A zombie game we played (similar narrative to Walking Dead).
Retreating means not only pulling away but moving toward. I was looking for peace and to jump start my creativity after a few busy months getting my third supernatural thriller released, finishing a semester of teaching, and writing an appeal. My plan was to relax by immersing myself in fiction writing (I'm working on The Illumination, the fourth and final book in my Awakening Series), and I did that. But I also completely enjoyed simply being in a place with all these people who love telling stories, and care about telling stories, as much as I do, and who tell them in very different ways. Michelle, Eleanor, and I spent about eight hours playing a game called Her Story. It required using keywords to search for video clips of an interview of a woman who was connected to a murder.

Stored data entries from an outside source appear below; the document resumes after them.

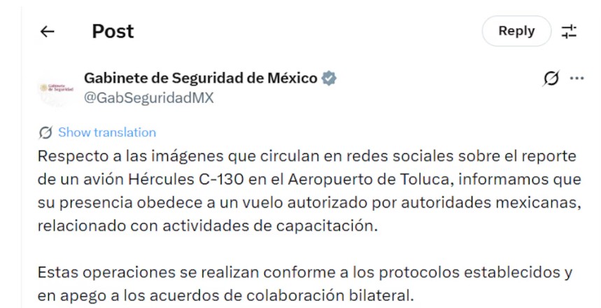 Tras su breve estancia en Toluca, el Hércules C-130 regresó a Texas, desde donde había partido. Autoridades federales comunicaron que “estas operaciones se realizan conforme a los protocolos establecidos y en apego a los acuerdos de colaboración bilateral”, descartando que se tratara de otro tipo de acciones.
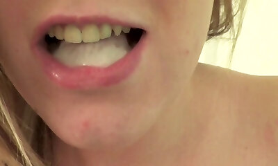 rosy-haired schoolgirl maazing blowjob takes the sperm on the face
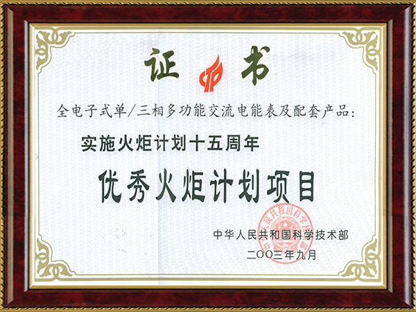 优秀火炬计划项目(全电子式三相多功能交流电能表及配套产品)
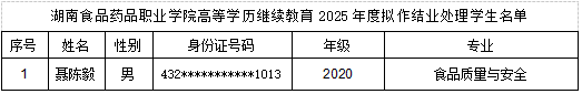 根据《普通高等学校学生管理规定》(教育部41 号令)以及《湖南食品药品职业学院继续教育学籍管理规定》(湘食药院发[2023]5 号)的相关规定和要求,经审查,我校成人高等学历继续教育专科学生聂陈毅,在学校制度规定学习年限内(专科5年)未达到规定的毕业要求,仍有两门课程不合格。经继续教育学院上报学校研究决定,拟对聂陈毅同学予作结业处理,特予公示。
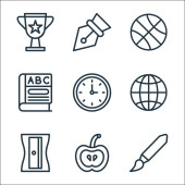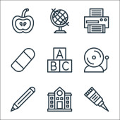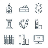 ikony linii edukacyjnej. zestaw liniowy. wysokiej jakości zestaw linii wektorowych, takich jak plecak, książka, tablica, książka, pisanie, stół, szkoła, linijka krzywej, książki
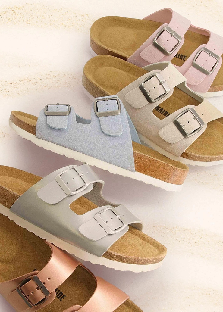 CUSHIONAIRE Lane Sandals offer double-buckle design, suede footbed, and arch support for ultimate comfort.
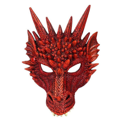 Fierce Dragon Design: This striking red dragon mask features dramatic sculpted details like sharp scales, fierce horns, and menacing eyes, instantly transforming you into a mythical beast ready to rule any costume party or Halloween event.
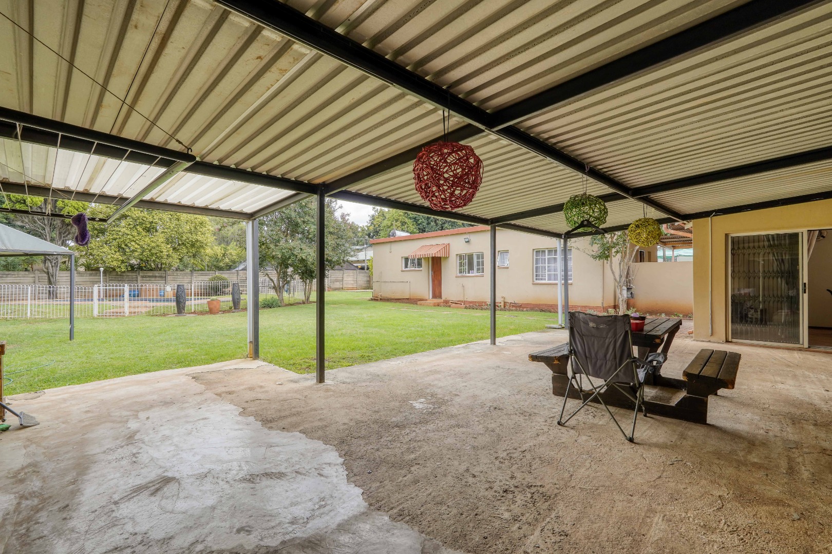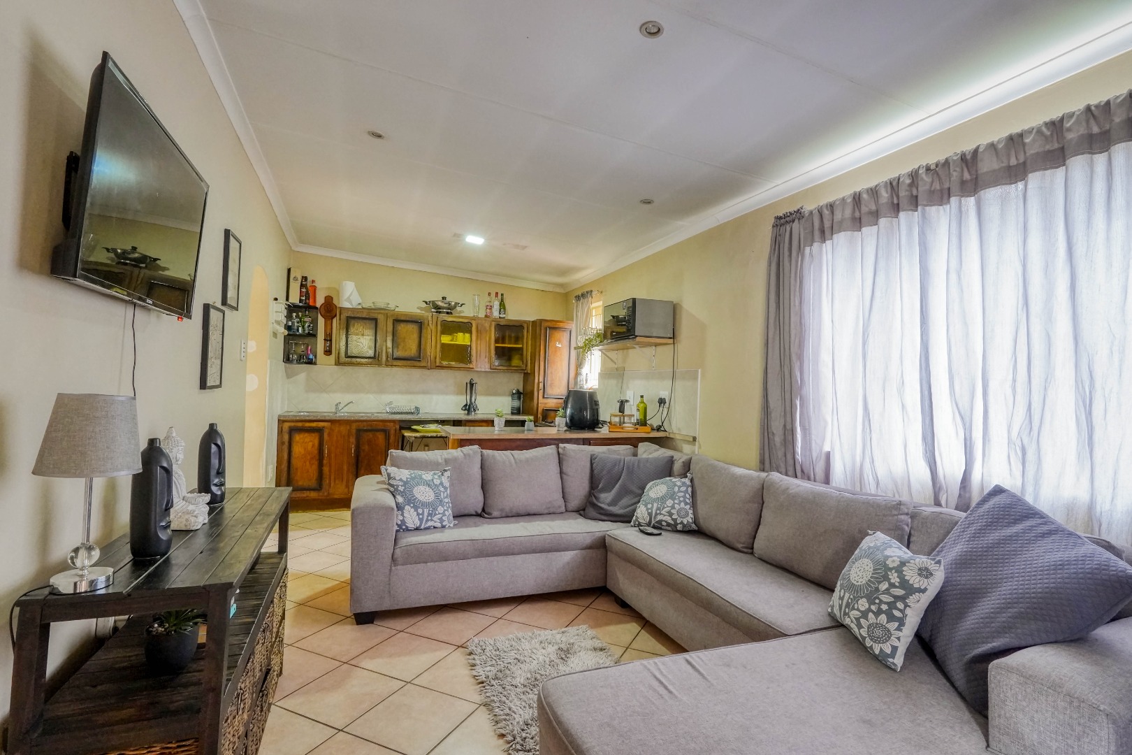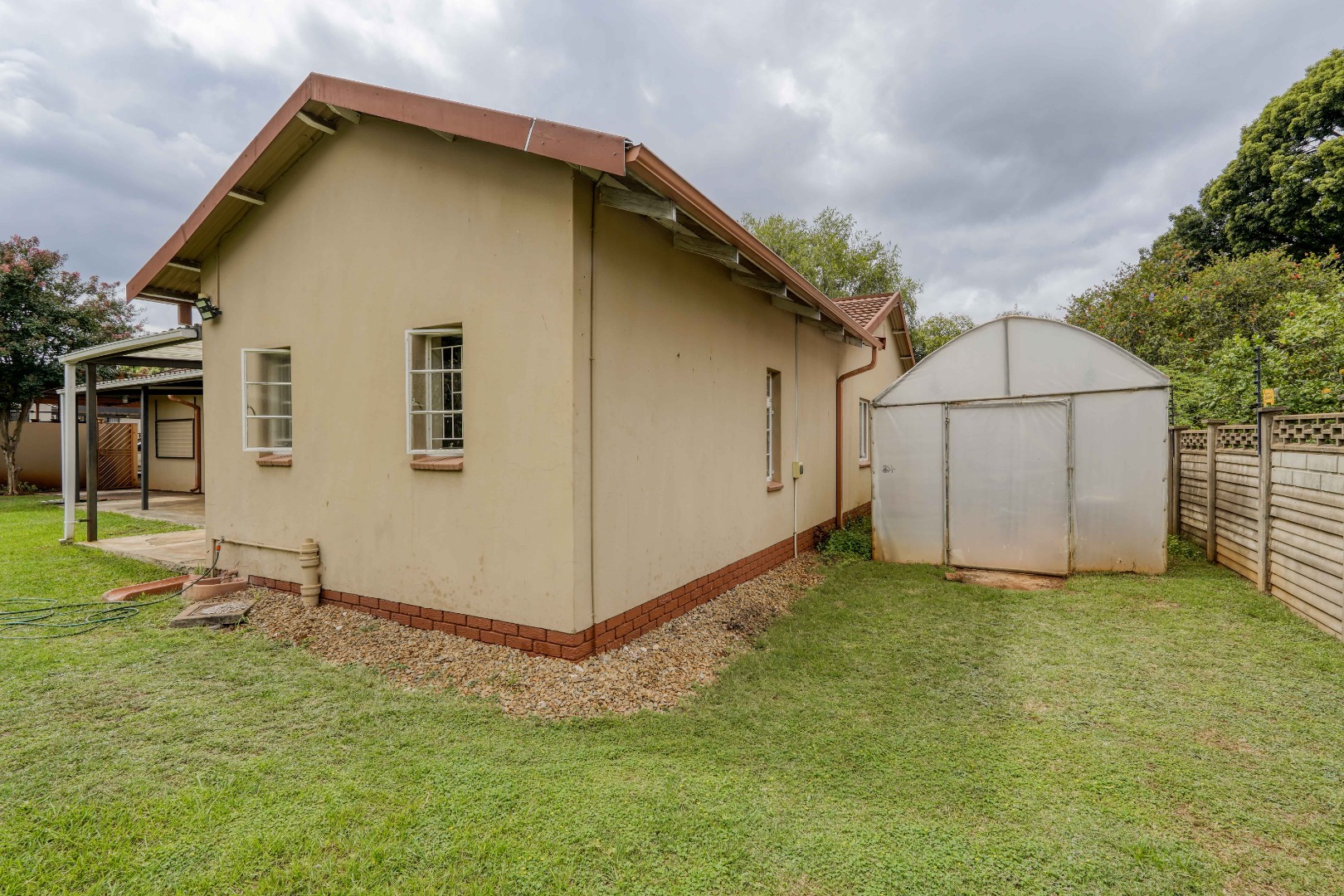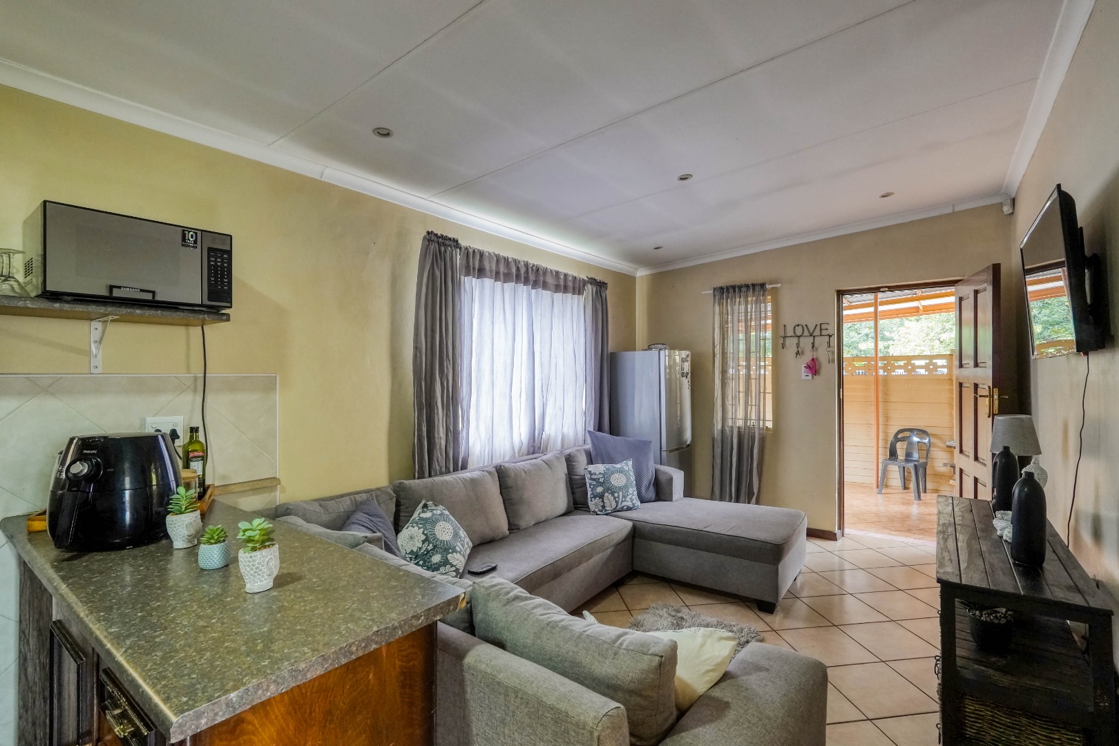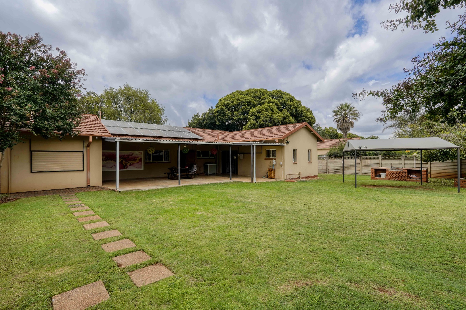 Set alongside the main house is a fully self contained two bedroom granny flat. It includes its own living room and kitchen, as well as a bathroom and a separate geyser, making it ideal for extended family or rental use.

By finding and watching the clips, which could not be seen in chronological order, we pieced together the woman's life and what had happened. So it was both a game an an alternate, non-linear way of figuring out a mystery/suspense story. As the next series I plan to write will be mysteries/legal thrillers, I not only had fun, I learned about my genre.

The house, which Rabbit Hole found through AirBnB, had a VCR and a bunch of videotapes, including the original Star Wars trilogy. So one night we stayed up late and watched Star Wars. (I admit it; I went to bed before Empire Strikes Back.) That, too, was a great experience that took me back to how I excited I felt about that movie when it came out, and the sense of wonder it engendered.

These surprises and others (including the neighbors' over-the-top fireworks displays on July 3, 4, and 5) reminded me that while focusing on productivity and sticking to schedules has served me well my whole life, it's also important to be flexible and try new things. Not just to foster creativity but to have a happy and fun life.

One of the cloudy days on retreat.
Finally, I appreciated how responsible, considerate, and cool everyone at the retreat was. Depending on the day, we had between 3 and 8 people staying in a small two-bedroom house. Everyone brought or bought more than enough food to share, washed dishes when they saw them piling up in the sink (no dishwasher), cleaned counters or tables when needed, and cooked. Those who stayed up late or got up early were mindful that others were sleeping. And we all checked with one another regarding workspaces and whether what we were doing might disturb anyone else.

The only downside for me was that while I loved taking walks, sitting near the river, and watching sunsets over the water (see photos), many, many, many bugs also enjoy the same, and are not at all put off by eco-friendly bug spray. I am pretty sure I got more insect bites in one week than I've had in the last 10 years. And I am absolutely going back if Rabbit Hole hosts the retreat again next year.

When is the last time you went on a retreat? If you haven't been on one, would you like to? Please share your thoughts and experiences below.